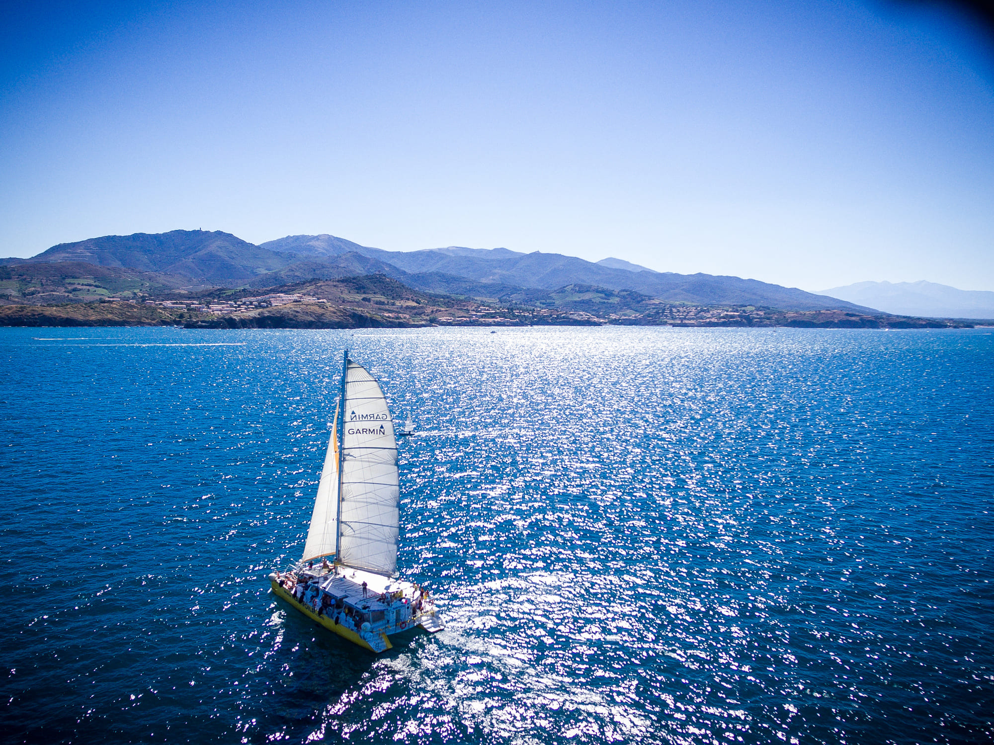 Depuis le port de Canet-en-Roussillon, le catamaran quitte doucement le quai pour prendre le large et longer les paysages emblématiques du littoral des Pyrénées-Orientales Très vite, la côte s’éloigne et laisse place à l’immensité de la Méditerranée.
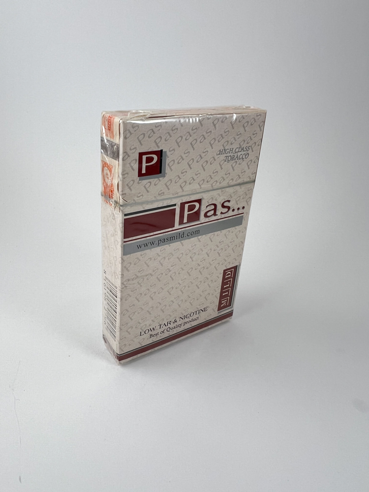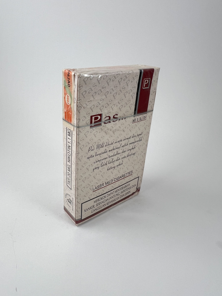Description: „Pas… Mild“ yra Indonezijos gamintojo sukurta lengvųjų cigarečių versija, akcentuojanti mažesnį dervų ir nikotino kiekį („Low Tar & Nicotine“). Pakelis šviesiai kreminės spalvos su raudonais ir pilkais grafiniais elementais, pagrindiniame fone išdėstyta pasikartojanti „Pas“ užrašų seka. Priekinėje dalyje pabrėžiamas minimalistinis prekės ženklo pavadinimas su raudonu kvadratu ir „P“ simboliu. Ant šoninės pusės matomas tar ir nikotino kiekis. Galinėje pusėje pateiktas trumpas tekstas apie gamybos kokybę bei naudojamą „laser mild cigarettes“ technologiją. Taip pat yra įspėjimas indonezų kalba apie rūkymo žalą sveikatai. Pakelis uždarytas akciziniu ženklu su „2007“ įrašu, kas padeda tiksliau nustatyti laikotarpį.
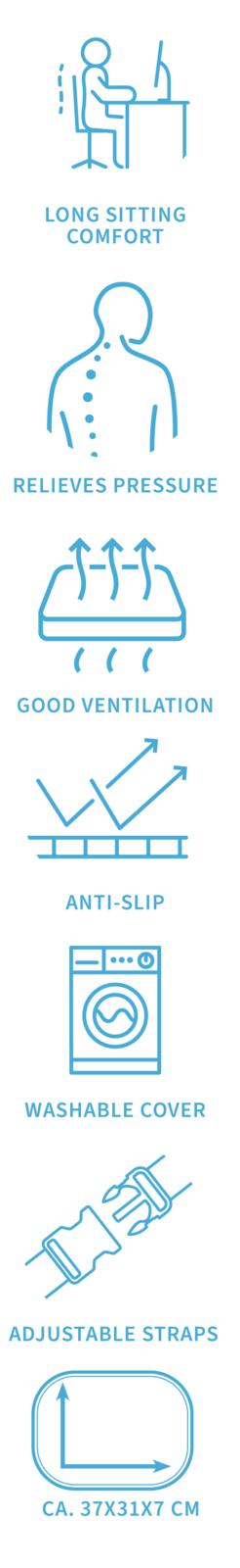 Denne pude er ideel til at skåne lænd og rygsøjle, hvilket gør den velegnet ved rygsmerter og lindring af iskias. Den er særligt gavnlig for dem, der sidder meget ned i løbet af dagen, herunder gravide.
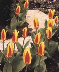 Vroeg bloeiend, korte stelen en grijsgroene bladeren, vaak decoratief gestreept. Rood-geel, breed blad.
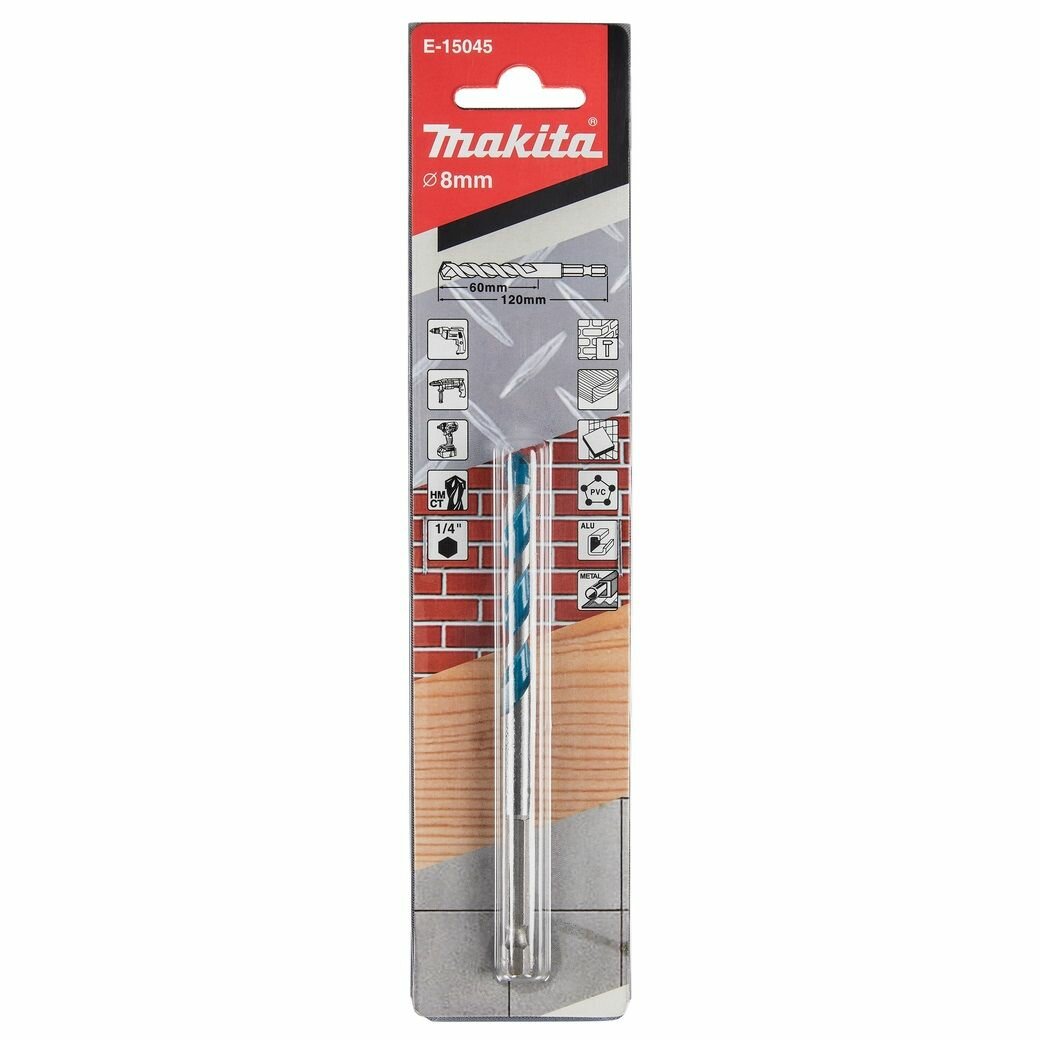 Сверло универсальное Makita 8x60x120, 1/4" (E-15045)
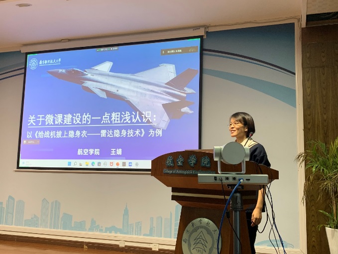王婧做了题为《关于微课建设的一点粗浅认识》的报告,她以雷达隐身技术的视频为案例,从微课创建思路、创建方法及过程等角度,详细分享了用心负责、重视员工听课感受及有吸引力的内容在一门微课中的重要作用。
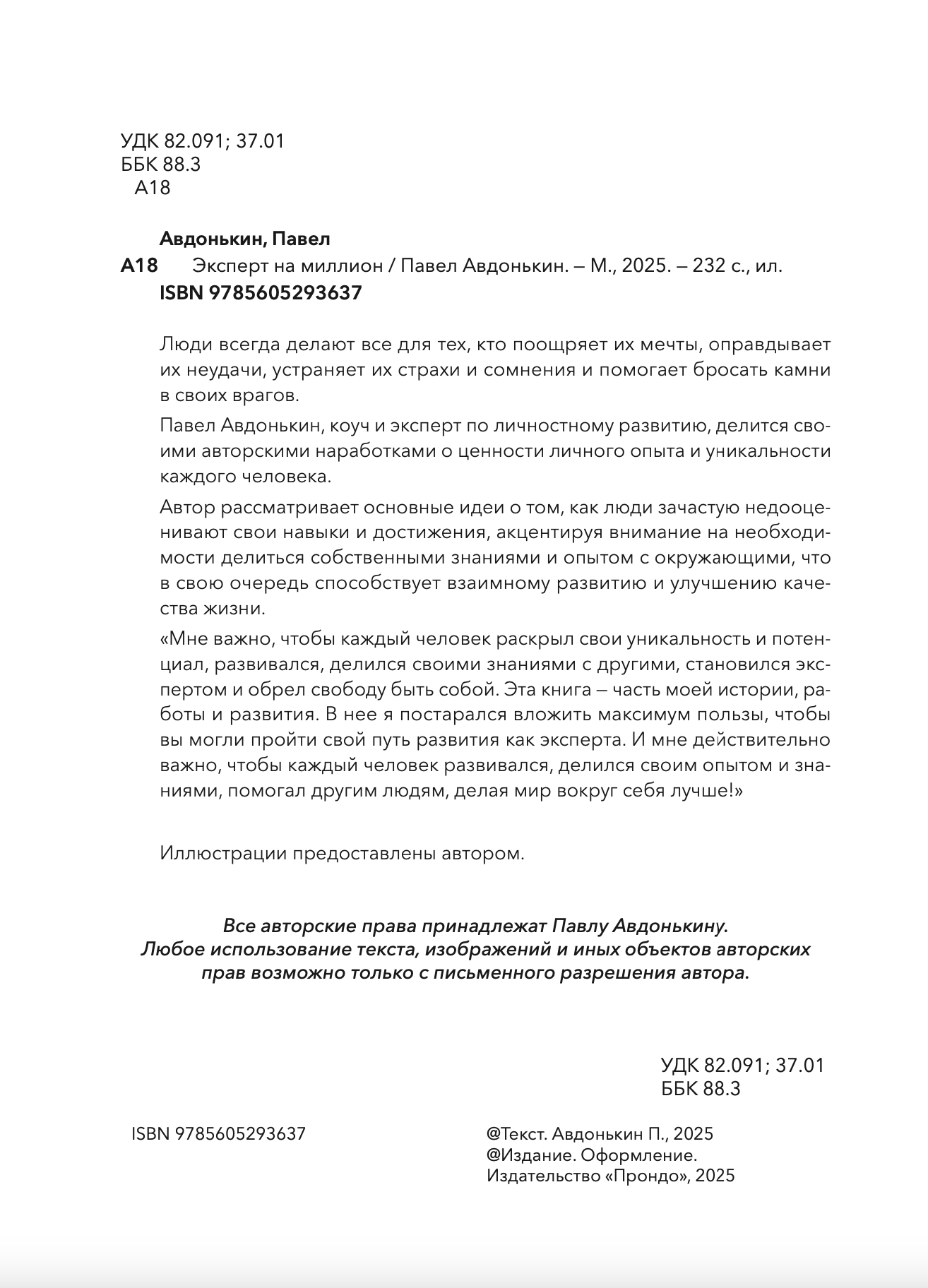 «Эксперт на миллион» — это книга, которая побуждает действовать. Она напоминает, что ваш путь уникален, а опыт ценен. Павел искренне верит в своих читателей, и эта вера передаётся с каждой страницей.
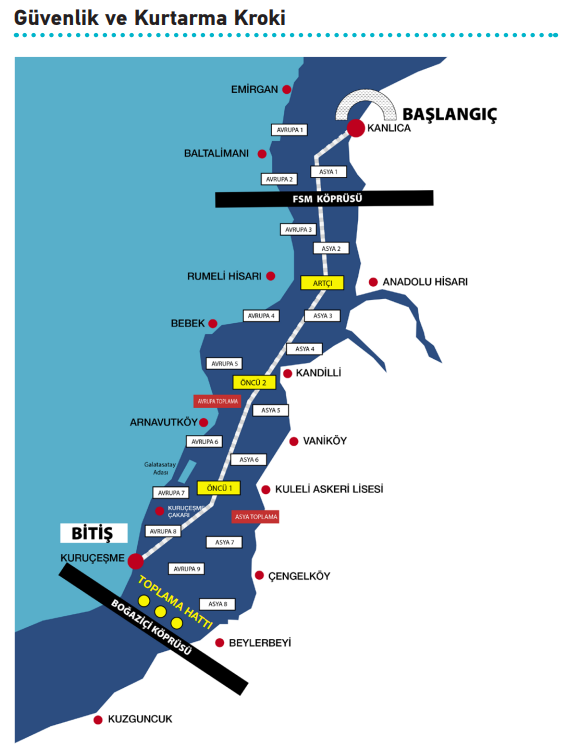 В рамках соревнований участники должны преодолеть дистанцию по направлению течения Босфора от пристани в районе Канлыджа до парка Джемиля Топузлу в районе Куручешме. Организаторы рекомендуют пловцам выбирать маршрут, ориентируясь на середину пролива, чтобы не попасть под обратные течения. Участники незадолго до дня соревнований ознакамливаются с маршрутом и проходят инструктаж. Организаторы также обязуются оснастить всю дистанцию персоналом спасателей, которые должны эвакуировать каждого пловца, который по той или иной причине не способен добраться до финиша.

::::

Copy every entry exactly; drop the pictures.

 Depuis le port de Canet-en-Roussillon, le catamaran quitte doucement le quai pour prendre le large et longer les paysages emblématiques du littoral des Pyrénées-Orientales Très vite, la côte s’éloigne et laisse place à l’immensité de la Méditerranée.
Description: „Pas… Mild“ yra Indonezijos gamintojo sukurta lengvųjų cigarečių versija, akcentuojanti mažesnį dervų ir nikotino kiekį („Low Tar & Nicotine“). Pakelis šviesiai kreminės spalvos su raudonais ir pilkais grafiniais elementais, pagrindiniame fone išdėstyta pasikartojanti „Pas“ užrašų seka. Priekinėje dalyje pabrėžiamas minimalistinis prekės ženklo pavadinimas su raudonu kvadratu ir „P“ simboliu. Ant šoninės pusės matomas tar ir nikotino kiekis. Galinėje pusėje pateiktas trumpas tekstas apie gamybos kokybę bei naudojamą „laser mild cigarettes“ technologiją. Taip pat yra įspėjimas indonezų kalba apie rūkymo žalą sveikatai. Pakelis uždarytas akciziniu ženklu su „2007“ įrašu, kas padeda tiksliau nustatyti laikotarpį.
 Denne pude er ideel til at skåne lænd og rygsøjle, hvilket gør den velegnet ved rygsmerter og lindring af iskias. Den er særligt gavnlig for dem, der sidder meget ned i løbet af dagen, herunder gravide.
 Vroeg bloeiend, korte stelen en grijsgroene bladeren, vaak decoratief gestreept. Rood-geel, breed blad.
 Сверло универсальное Makita 8x60x120, 1/4" (E-15045)
王婧做了题为《关于微课建设的一点粗浅认识》的报告,她以雷达隐身技术的视频为案例,从微课创建思路、创建方法及过程等角度,详细分享了用心负责、重视员工听课感受及有吸引力的内容在一门微课中的重要作用。
 «Эксперт на миллион» — это книга, которая побуждает действовать. Она напоминает, что ваш путь уникален, а опыт ценен. Павел искренне верит в своих читателей, и эта вера передаётся с каждой страницей.
 В рамках соревнований участники должны преодолеть дистанцию по направлению течения Босфора от пристани в районе Канлыджа до парка Джемиля Топузлу в районе Куручешме. Организаторы рекомендуют пловцам выбирать маршрут, ориентируясь на середину пролива, чтобы не попасть под обратные течения. Участники незадолго до дня соревнований ознакамливаются с маршрутом и проходят инструктаж. Организаторы также обязуются оснастить всю дистанцию персоналом спасателей, которые должны эвакуировать каждого пловца, который по той или иной причине не способен добраться до финиша.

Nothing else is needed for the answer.